Information provided.
--
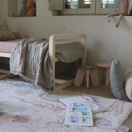 Más que una alfombra, es un espacio de juego seguro y ordenado: los niños pueden interactuar con los detalles del estampado, desarrollar creatividad y explorar su fantasía sin ensuciar demasiado, mientras los padres disfrutan de la practicidad de un tapete fácil de lavar y mantener. Su textura suave y diseño delicado convierten cualquier espacio en un refugio acogedor, fomentando momentos de diversión, exploración y conexión con la naturaleza desde casa.
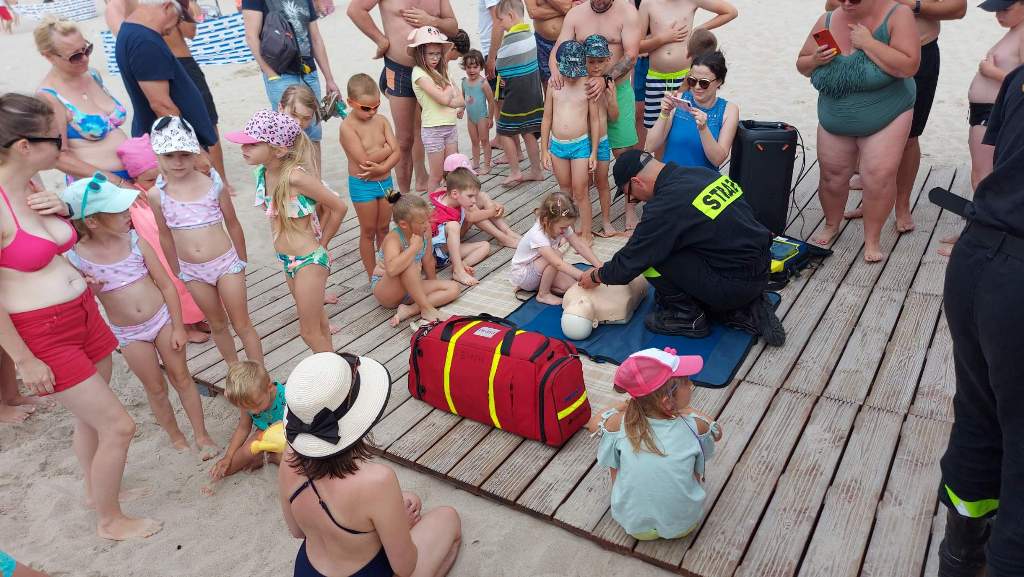Podczas akcji omawiane były zagrożenia, z jakimi można się zetknąć podczas wypoczynku letniego. Przedstawiono również zasady udzielania pierwszej pomocy. Chętni mogli przećwiczyć na manekinie resuscytacje krążeniowo-oddechową.
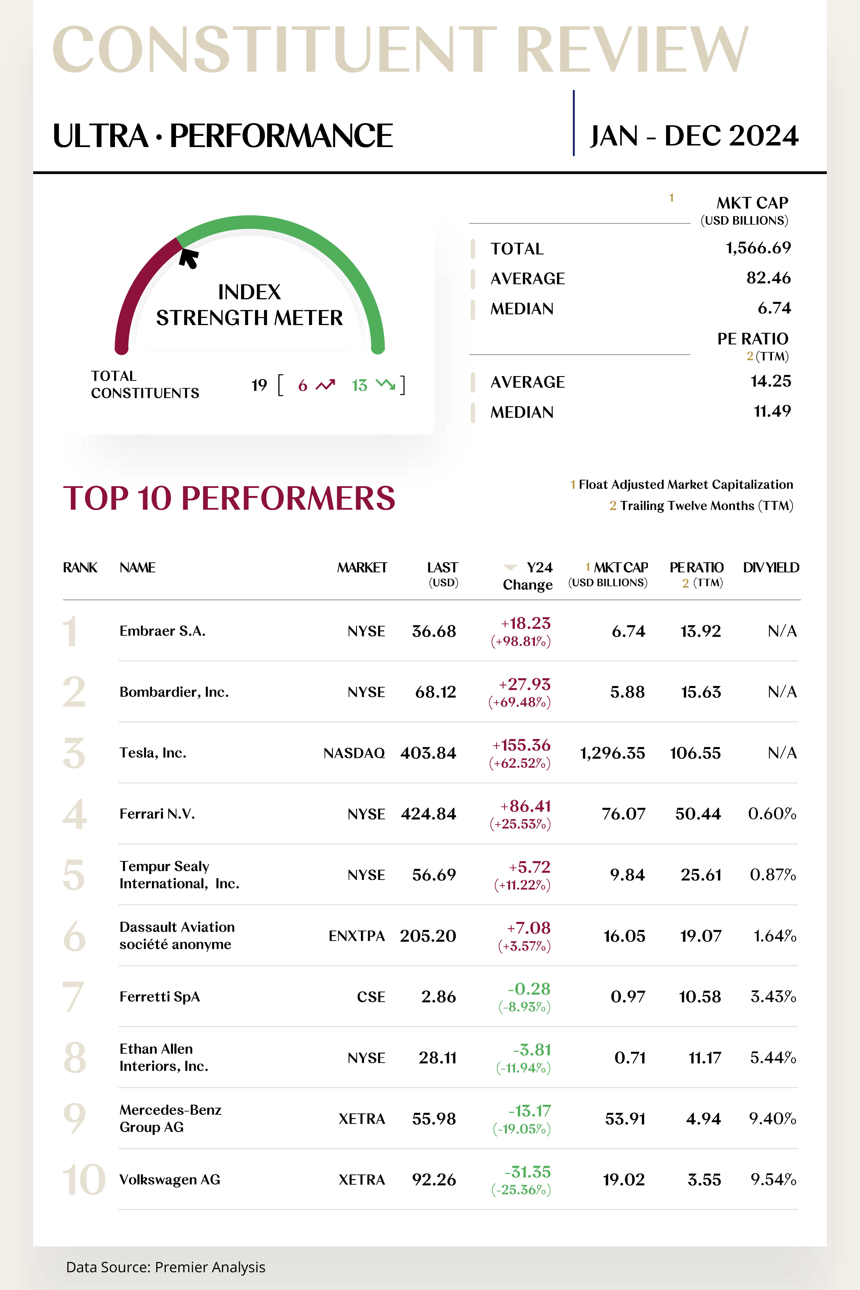 The Ultra Luxe Index comprises 19 stocks, with 6 rising and 13 falling.
--
What to do.
Copy the listing above verbatim; the pictures it contains are to stay out.

Response to the exercise.
 Más que una alfombra, es un espacio de juego seguro y ordenado: los niños pueden interactuar con los detalles del estampado, desarrollar creatividad y explorar su fantasía sin ensuciar demasiado, mientras los padres disfrutan de la practicidad de un tapete fácil de lavar y mantener. Su textura suave y diseño delicado convierten cualquier espacio en un refugio acogedor, fomentando momentos de diversión, exploración y conexión con la naturaleza desde casa.
Podczas akcji omawiane były zagrożenia, z jakimi można się zetknąć podczas wypoczynku letniego. Przedstawiono również zasady udzielania pierwszej pomocy. Chętni mogli przećwiczyć na manekinie resuscytacje krążeniowo-oddechową.
 The Ultra Luxe Index comprises 19 stocks, with 6 rising and 13 falling.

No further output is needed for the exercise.